- YOUR INSTRUCTIONS -
An exact restatement of all the data is required, with the pictures left out.

- DATA PROVIDED -
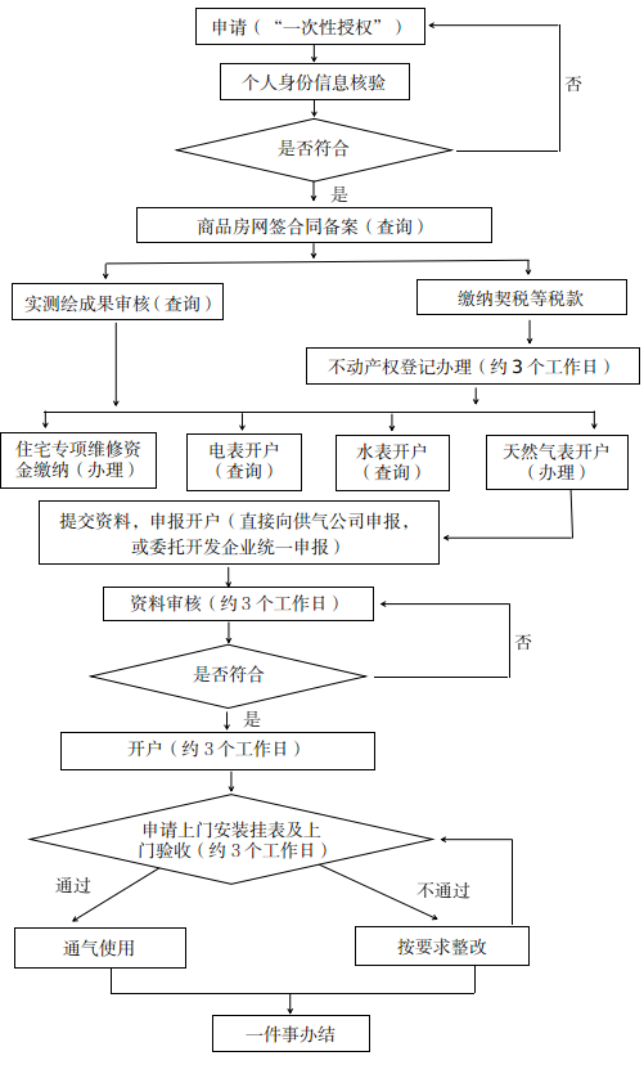 (一)优化完善服务事项。分类梳理住宅专项维修资金缴纳、个人身份信息核验、天然气表开户、不动产权证书办理等个人办理事项,和商品房网签合同备案、实测绘成果审核、水表电表开户等企业办理事项,个人在办理自身业务时,可同步查询企业端相关事项的办理进度和信息。全面整合个人办理事项的服务指南,精简重复提交的材料,明确数据共享渠道以及流程,打破部门间流程壁垒,变“群众跑多部门”为“部门内部协同跑”,形成高效办成“一件事”办理组合流程,实现“一次申请、同步办理、全程办结”。
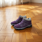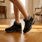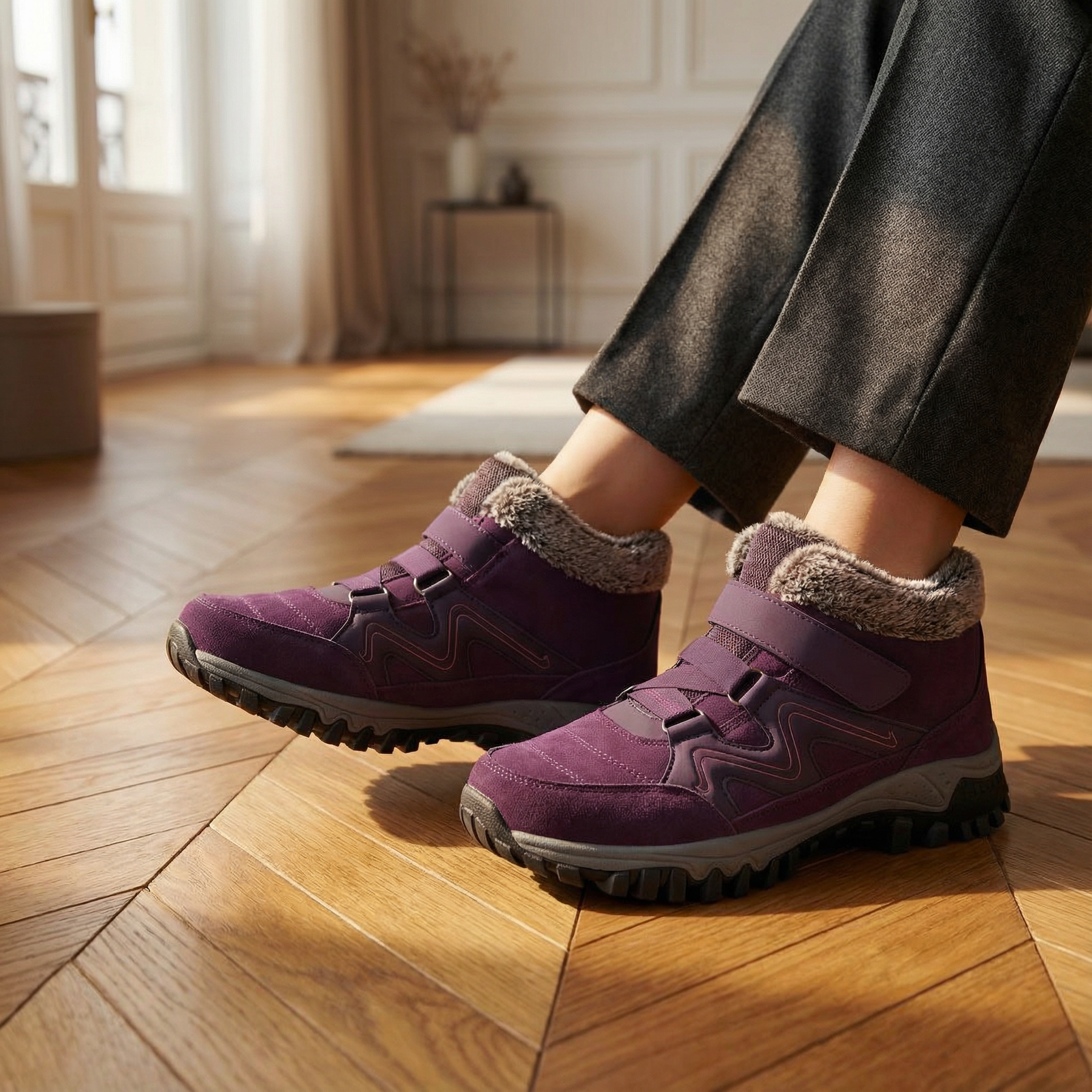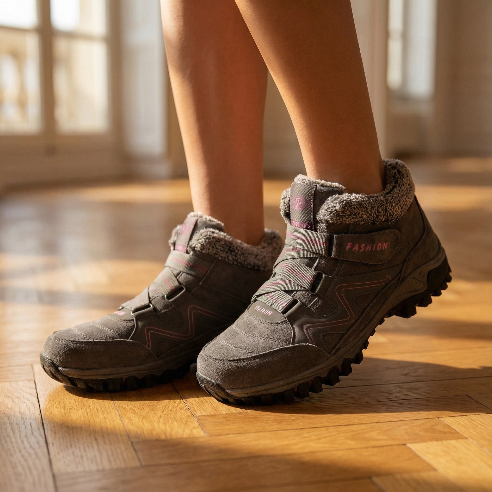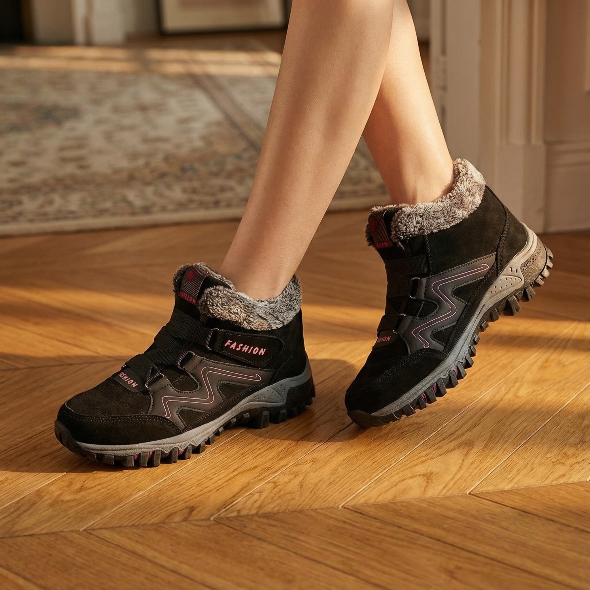 Women's fur-lined ankle boots with faux fur collar and warm fleece lining. Features hook-and-loop strap closure for easy on-off, cushioned insole, and rugged non-slip rubber outsole with deep tread for grip. Mixed-texture upper with suede-effect panels and reinforced toe. Lightweight supportive construction. A warm practical boot for winter walks, cold weather, outdoor activities, or everyday cold-season wear.
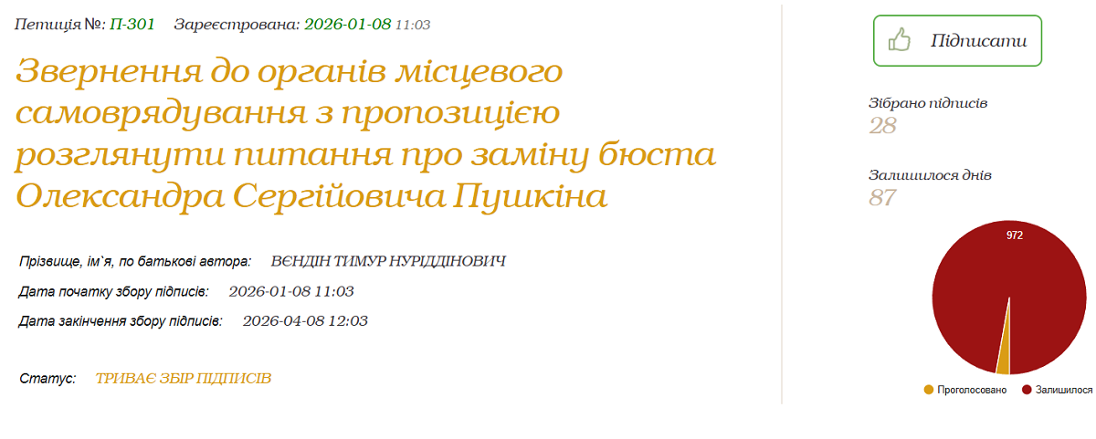 З 8 січня петицію підписали 28 людей. Для розгляду потрібна тисяча.

- REPLY -
 (一)优化完善服务事项。分类梳理住宅专项维修资金缴纳、个人身份信息核验、天然气表开户、不动产权证书办理等个人办理事项,和商品房网签合同备案、实测绘成果审核、水表电表开户等企业办理事项,个人在办理自身业务时,可同步查询企业端相关事项的办理进度和信息。全面整合个人办理事项的服务指南,精简重复提交的材料,明确数据共享渠道以及流程,打破部门间流程壁垒,变“群众跑多部门”为“部门内部协同跑”,形成高效办成“一件事”办理组合流程,实现“一次申请、同步办理、全程办结”。
 Women's fur-lined ankle boots with faux fur collar and warm fleece lining. Features hook-and-loop strap closure for easy on-off, cushioned insole, and rugged non-slip rubber outsole with deep tread for grip. Mixed-texture upper with suede-effect panels and reinforced toe. Lightweight supportive construction. A warm practical boot for winter walks, cold weather, outdoor activities, or everyday cold-season wear.
 З 8 січня петицію підписали 28 людей. Для розгляду потрібна тисяча.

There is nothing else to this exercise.